Could you please suggest where to look? Thanks,
I've tried oldest available image (v93) (with run.sh from v93 tag) and
- some errors after container startup disappeared, but not all
SHA1 Fingerprint=84:18:A8:5D:10:5F:A8:F2:91:17:09:87:08:21:B4:68:9E:BC:F5:37
SHA256 Fingerprint=6B:D8:3D:16:A7:0C:6E:B9:89:ED:E8:41:14:23:8D:24:50:D1:15:A8:AE:D3:B4:A2:7E:E5:98:0C:18:1F:AC:87
[20230613-20:23:27] [INFO ] starting xrdp-sesman with pid 73
[20230613-20:23:27] [INFO ] starting xrdp with pid 74
[20230613-20:23:27] [INFO ] address [0.0.0.0] port [3389] mode 1
[20230613-20:23:27] [INFO ] listening to port 3389 on 0.0.0.0
[20230613-20:23:27] [INFO ] xrdp_listen_pp done
kmalloc-8(122801:b3c08c1f0f01fcb54c35fc900eef232a1cb52697d003cef8b934544eb56facb1): Failed to send device, ignoring: Operation not permitted
kmalloc-rcl-128(122801:b3c08c1f0f01fcb54c35fc900eef232a1cb52697d003cef8b934544eb56facb1): Failed to send device, ignoring: Operation not permitted
kmalloc-rcl-96(122801:b3c08c1f0f01fcb54c35fc900eef232a1cb52697d003cef8b934544eb56facb1): Worker [81] did not accept message, killing the worker: Operation not permitted
kmalloc-rcl-96(122801:b3c08c1f0f01fcb54c35fc900eef232a1cb52697d003cef8b934544eb56facb1): Worker [82] did not accept message, killing the worker: Operation not permitted
Worker [81] terminated by signal 9 (KILL)
Worker [82] terminated by signal 9 (KILL)

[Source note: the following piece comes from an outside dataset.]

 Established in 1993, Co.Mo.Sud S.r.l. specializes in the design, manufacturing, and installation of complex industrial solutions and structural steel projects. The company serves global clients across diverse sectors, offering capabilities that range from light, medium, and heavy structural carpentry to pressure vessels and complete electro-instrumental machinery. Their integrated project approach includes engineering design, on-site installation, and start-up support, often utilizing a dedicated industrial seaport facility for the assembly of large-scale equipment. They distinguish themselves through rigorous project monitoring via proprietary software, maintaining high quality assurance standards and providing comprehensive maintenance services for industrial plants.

kmalloc-rcl-96(122801:b3c08c1f0f01fcb54c35fc900eef232a1cb52697d003cef8b934544eb56facb1): Failed to send device, ignoring: Operation not permitted
- I can connect to desktop, but VirtualGL doesn't recognize GPU. From what I briefly see, your approach to GPU is more general than NVIDIA Container Toolkit, e.g. you manually install drivers and connect devices. I wonder if run.sh support NVIDIA out-of-the-box or I should modify it (e.g. add --gpus all, etc.)

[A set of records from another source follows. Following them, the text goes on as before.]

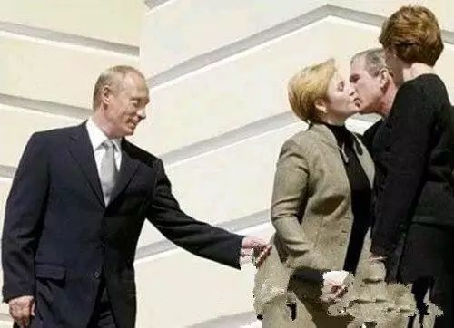 布什亲吻普京夫人,普京则在一旁静静的看着
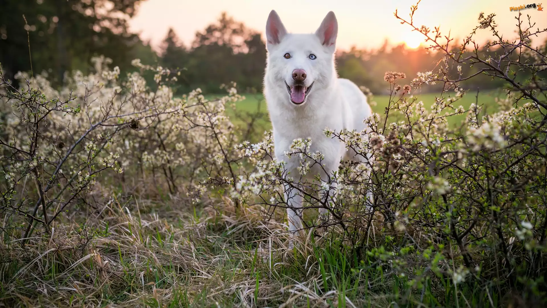Krzewy, Biały owczarek szwajcarski, Pies, Trawa, Kwiaty
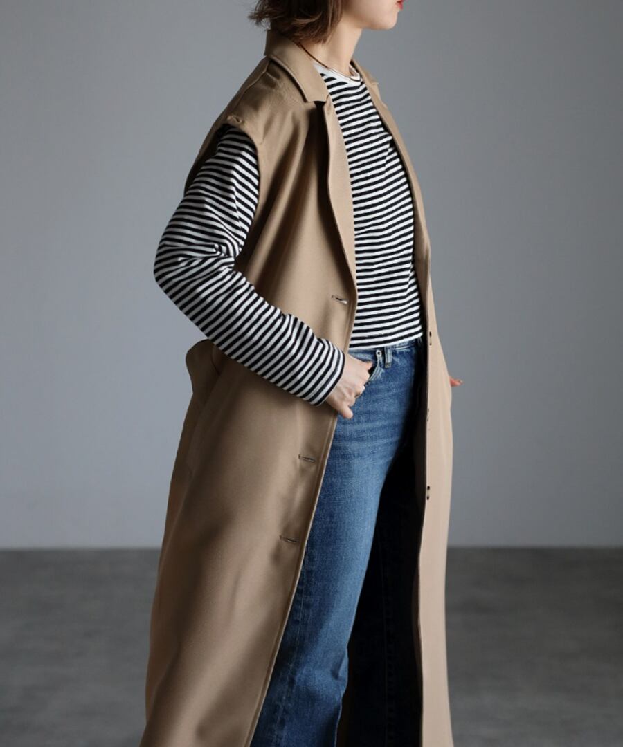薄手のツイル素材で、裏地が無いためサラッと軽く羽織っていただけます。

BTW I hope I will succeed in make it work, because I've read previous "success story" for NVIDIA GPU (vide https://github.com/hectorm/docker-xubuntu/issues/7#issuecomment-841833211). Unfortunately that was before v93 tag, but I guess I can build the image by myself. Still, hope for some valuable insight
I went back to v69, added parameters required by Nvidia Container Toolkit to run.sh and it works! Now I'll try to narrow down what works and what causes troubles
Thanks for your testing, unfortunately I don't have an NVIDIA card anymore and every time I need to do some testing I have to rent a server.
If you find the cause I would appreciate it if you could update the thread, otherwise I will try to find time later to do my own tests.